Gender bias, unsafe campus led to BHU protests: NCW

He probe comes after a student was allegedly sexually harassed on her way to the hostel on the campus on September 21

Varanasi : YEARS OF gender discrimination and an unsafe campus triggered protests by women students at Banaras Hindu University (BHU) last month, even as Vice-Chancellor Girish Chandra Tripathi’s “mistake” to call the police twice to the campus resulted in the incident blowing up, the National Commission for Women (NCW) said on Friday. Following its daylong inquiry at the BHU, the NCW claimed that some practices like unequal curfew timings for women hostelers will be soon done away with. The probe comes after a student was allegedly sexually harassed on her way to the hostel on the campus on September 21. Massive protests were held at the university the day after, with the Varanasi police resorting to lathicharge women to disperse them.

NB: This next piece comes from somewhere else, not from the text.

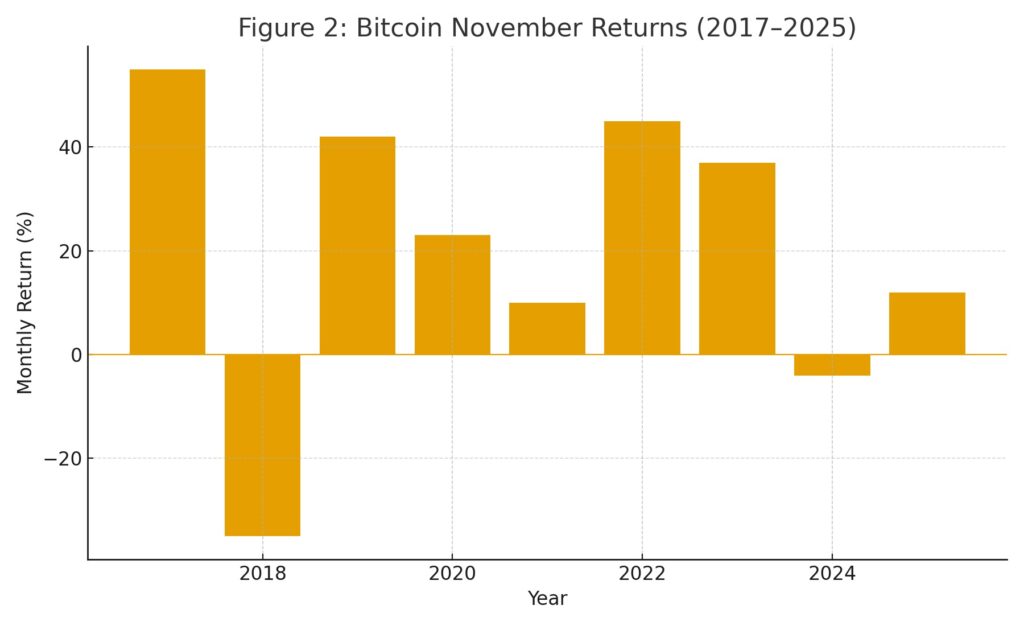 October was notably weak for Bitcoin (down ~4 %), marking the first monthly decline since 2018 for the “Uptober” month. Furthermore, historical patterns suggest November can be strong for Bitcoin (average gain ~42 %) — but the setup this year is more nuanced given liquidations (~$19 billion in long positions) and tight liquidity.
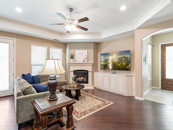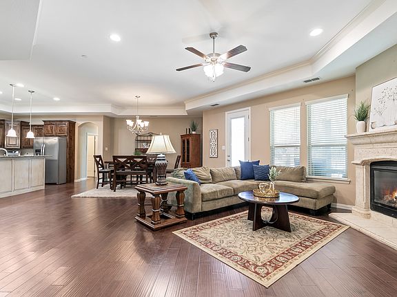 Excellent location, close to town square in a gated community. 55 and older with an open floor plan, excellent for everyday living and entertaining! Maintenance free and a most desirable lot with no neighbors beyond the patio. Pride in ownership and well taken care of. Engineered hardwood flooring in the main living areas. Gourmet kitchen with tons of beautiful cabinets, Island with sink, breakfast bar open to living and dining area. Granite counters. Built in China Hutch used for coffer bar. Stone gas log fireplace. Walk in shower in Master Bath, His and her closets. Larger office with built in desk. Can be furnished if desired. Call Rick- Eight one seven 614-5699.

Acting NCW chairperson Rekha Sharma said, “I spoke to many students on the campus and in hostels during my six-hour inquiry. I found that the protest last month was triggered because of resentment simmering for years among female students.” “We will submit our report in a week, in which we have made recommendations to the university to do away with gender discriminatory practices like different curfew times for women and men staying on the campus. Curfew timings will soon be made uniform…. I have discussed this with the university,” she added.

Sharma said the central library should be open throughout the day instead of being shut in the evening. Referring to women students not being served non-vegetarian food on the campus, she added that they should be served the same food as their male counterparts. “Every female student I spoke to said she feels insecure and there is rampant eve-teasing on the campus. I have spoken to the police and the BHU for increasing security personnel and CCTV cameras… Also, non-students who stay in hostels on the campus will be asked to leave because I was told they are known to cause trouble,” Sharma said.

Maintaining that the “V-C’s mistake” led to the mishandling of the situation, she said: “He repeatedly called police during the two days of protests. I know who called the police to the campus but I do not know who ordered the lathicharge. That is for the police to decide… and also what kind of pressure they were facing when they acted on the spur of the moment.”